Никуда она не пошла, а через пару дней положила передо мной два свидетельства собственности на мое имя и мое же заявленье о разводе. Оставалось лишь подписать. И тут я уперлась. Почему - сама не знаю. На возврат любви я не надеялась. О хитроумном брачном контракте думала меньше всего. Но у меня что называется заскочило. Заглючило. Я леди Нельсон и умру ею. В чем тут фишка? единожды зомбированная Максимом, я не поддавалась нажиму Евгении. Ночная кукушка денную перекукует. След пережитого торжества глубоко врезался в сознанье. Мое воспоминанье! не подходите, стрелять буду.


51. Без Стаса никуда

Я обещал – разведу Максима на бабки – и развел. Не скажу, сколько с него слупил, чтоб Надьку уломать на развод. А то вы от зависти лопнете. Он меня вообще впервые увидел, и я сразу запросил с него деньги – за то, что и сам давно хотел сделать: вытащить Надюху из капкана. Раньше не получалось. А теперь вот вышло: появились новые козыри.

Покуда уговаривал, Евгения подслушивала. Ну что это за ведьма, которой надо крючиться возле замочной скважины. А так просто знать ей слабо. Никудышные пошли ведьмы. Надюша, они тебя поймали в ловушку с этим блядским контрактом. Но и сами попались. Они, Надь, поняли так, что тебе оставлена еще и квартира на проспекте Мира, и дача под Звенигородом. А это попало к Георгиеву сыну. – Стас, ты меня запутал. Что, у Георгия двое сыновей? – Один. В Канаде. Звать Андреем. Максим вообще не сын. Самозванец. Эта лиса Алиса увела у тебя ключи и втерлась сюда по нахалке. Там на связке был ключ и от звенигородской дачи, где тебя заперли. – Но он меня любил… правда, недолго. – Держи карман шире. Такие никого окромя себя не любят. Ходила младешенька по малинку, наколола ноженьку на былинку. Болит, болит ноженька, да не больно – любил меня миленький, да недолго.

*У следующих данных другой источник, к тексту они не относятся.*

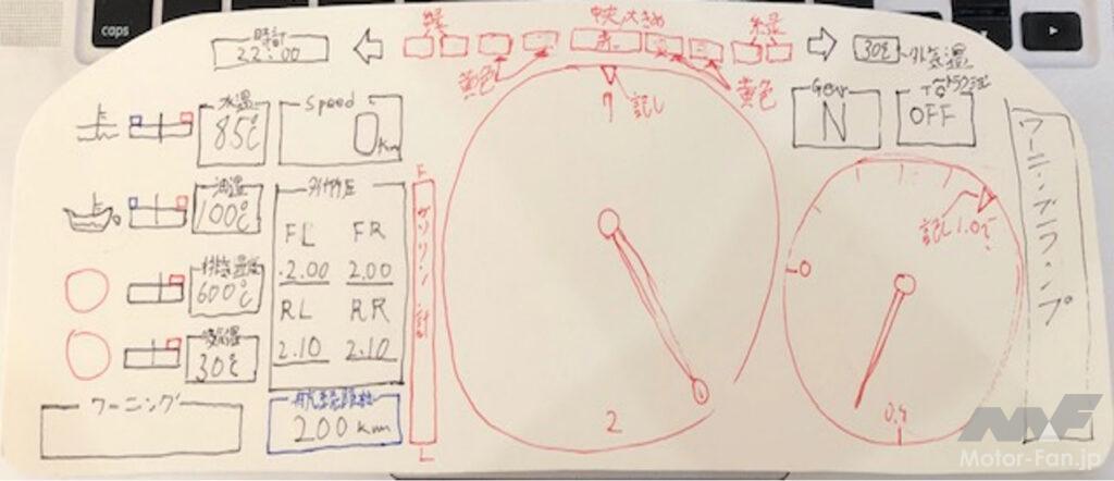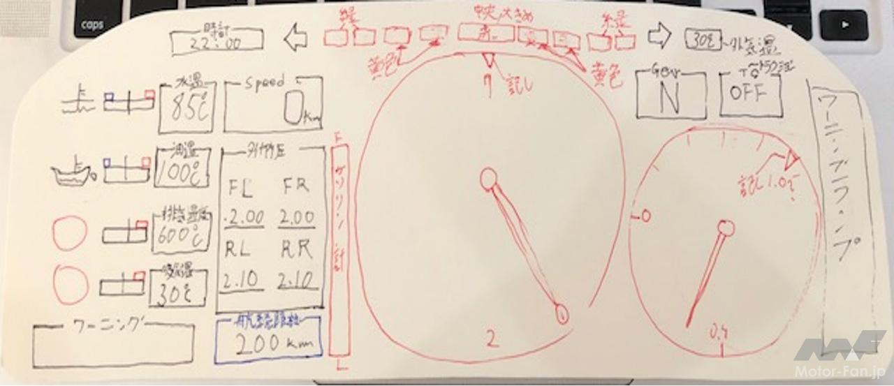松田選手はアナログ式のタコメーターを中心に置き、かつレッドゾーンの起点を真上(12時)に配置。さらにその上にシフトアップインディケーターを配置することで、シフトアップのタイミングを取りやすくすることを提案。さらに、サーキット走行時に厳しくなる水温と油温を確認できるよう水温計と油温計、またVR30DDTT型3.0LV6ツインターボエンジンを新たに搭載したのに合わせてブースト計を追加したのも、松田選手のアイデアだ。

Молчала, уставясь в одну точку. Потом подписала. Деньги с Максима я получил – и давай Бог ноги. Дело в том, что мы играли в шесть рук. Играли наверняка, рассчитав всё по числам. Георгин помер – на полгода позже, чем дура Надька его похоронила. Жаль, хороший был мужик, хоть и чокнутый. Что ж, лично я не против смерти. Старость вещь неприглядная и унизительная. Завещанье на Надькино имя он вроде бы оставил: Агеич его сорганизовал – рассказал по телефону, не всё, но достаточно. Теперь нужно было:

- чтобы акт дарения был объявлен недействительным по причине прекращения действия доверенности в связи со смертью Георгия (тут волну должен погнать Андрей Зарубин);

- чтоб развод успел состояться до того, как всплывет завещанье, в условиях отсутствия у Надьки недвижимости;

- чтоб сама Надька ничего не выкинула сверх нашего ожиданья и разумения… с нее станется.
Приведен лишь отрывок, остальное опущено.